Don't Take Advice about Diabetes Diets from anyone who is NOT a Person who has Your Kind of Diabetes with Great Control
It was interesting to read the blog postings a couple years ago describing the diabetes journey of Dr. Bill, founder of the diabetes blog, who was an endocrinologist for years before he himself developed Type 1 diabetes. It was only when he started testing his own blood sugar after meals that he discovered that following the dietary advice he'd been giving patients for years raised his own blood sugar unacceptably.
This does not surprise me. Anyone who has tried to make insulin work with a nutritionist-recommended 300 grams of carbs a day or even a diet that is 1/3 carbs--and hence 55-70 grams of carbs per meal knows that this level of carb intake combined with unpredictable insulins makes it very tough to avoid hypos unless you let your blood sugar run high enough to cause complications.
This is one reason that so many of us people with diabetes have so much respect for Dr. Richard Bernstein, who was the very first diabetes patient in the world to use a blood sugar meter, with dramatic results. You may not agree with everything he writes (I don't) but Bernstein has forgotten more about diabetes than most of us will ever know, and everything he writes is worth checking out, if only because he's lived it.
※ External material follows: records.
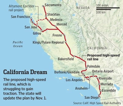 Any solution for speeding up California’s high speed rail would mean acquiring new overland rights or tunneling through hundreds of miles and taking out a lot of stops between San Francisco and Los Angeles to seek the straightest and flattest possible path. With a little Chinese-style land appropriation, you could build a train closer to 300 mph through most of the rout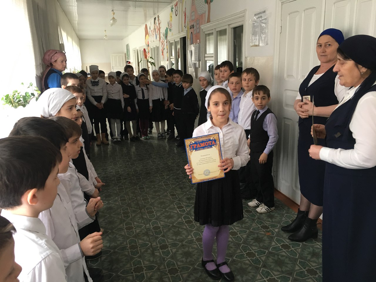 Для победителей конкурсов это стало настоящим праздником, особенно эмоциональна была ученица 1а класса Изиева Самира. Девочка заняла I место в конкурсе стихов не только школьного тура (кстати, I место школьного этапа она поделила с ученицей 1б класса Сатуевой Самирой), но и районного уровня.Также награду заслужила команда «Серые волки» - 3а класс, занявшая I место в конкурсе «А ну-ка, мальчики!» - капитан Ганаев Висхан, Кацаева Иман (3а), Мусхаджиева Т. (3б) и другие.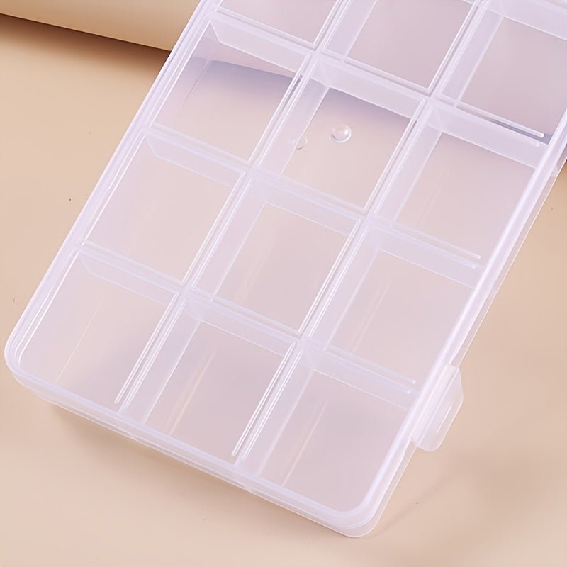 Organize your jewelry, stationery, and small items with this large capacity storage box. The plastic rectangular design offers 15 compartments for easy organization and access.

It's that simple: The people whose advice is worth checking out are those who have the kind of diabetes you have, who have been able to maintain excellent control over a period of at least five years and who have not developed serious complications after adopting the diet they are advising you to try.
You'll get different and even conflicting advice from these people, too, because our bodies are different. If you are diagnosed with Type 2, there may be a huge difference in how much your diabetes is caused by insulin resistance and how much by insulin deficiency. People who are mostly diabetic from insulin resistance will get very good results from diets that won't work if your problem is insulin deficiency.
But the advice of someone who has your kind of diabetes and has made their diet work for them, is a good place to start. And the emphasis here is on the word "start".
No advice is good advice if your meter shows you getting blood sugars consistently over the level known to cause complications.
The AACE (American College of Clinical Endocrinology) says this level is 140 mg/dl (7.7 mmol/L) at 2 hours after eating. The ADA says it is 180 mg/dl at the same interval (though there is no current research that supports this level and a lot that supports the lower level.) But whatever your target is, if your diet is raising your blood sugar over that target, it's a bad diet.
Try out the ideas people share with you, but check them against what your meter tells you.
The best diabetes diet for you is the one that keeps your blood sugars in the safe zone!